How to get your vaccination in Saskatchewan:

As part of its Phase 2 delivery of the COVID-19 vaccination, the Saskatchewan government has begun sending letters to people with underlying health conditions that are extremely clinically extremely vulnerable, including people on immunosuppression therapies sufficient to significantly increase risk of infection (e.g. biologic modifiers).

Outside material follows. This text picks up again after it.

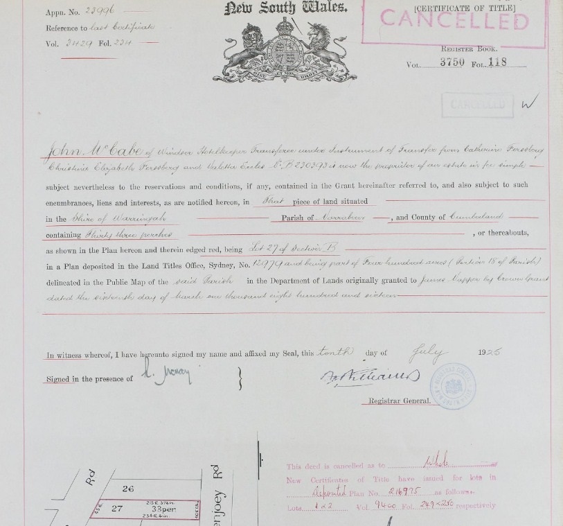 John McCabe block - he sold to John Laughlan Ellis January 1954 - from NSW Land Registry Services HLRV Vol-Fol 3750-118

Individuals who are clinically extremely vulnerable will receive a letter from the Saskatchewan government notifying them of their eligibility for the COVID-19 vaccine.

You are encouraged to book online when you are eligible. The online tool is simple, fast and easy to use. It takes just a few minutes to book your appointment. The system will guide you through a few simple questions, gathering consent, choice of clinic and booking date and time. To use the online booking option you must have a valid health card, cell phone and/or email address. By booking online you will have faster access to book your appointment.

There is also a phone-in option if you require assistance. Here's what happens when you call:
  • The phone agent verifies your age and asks for your personal information noted above.
  • If you are calling on behalf of someone else, the phone agent verifies who you are calling for and asks you to provide their age and personal information.
  • You work with the phone agent to select an appointment time slot at a clinic in your desired location.
  • The phone agent confirms your appointment time and clinic location.
  • If you've provided contact information, you get a confirmation message sent by email or text.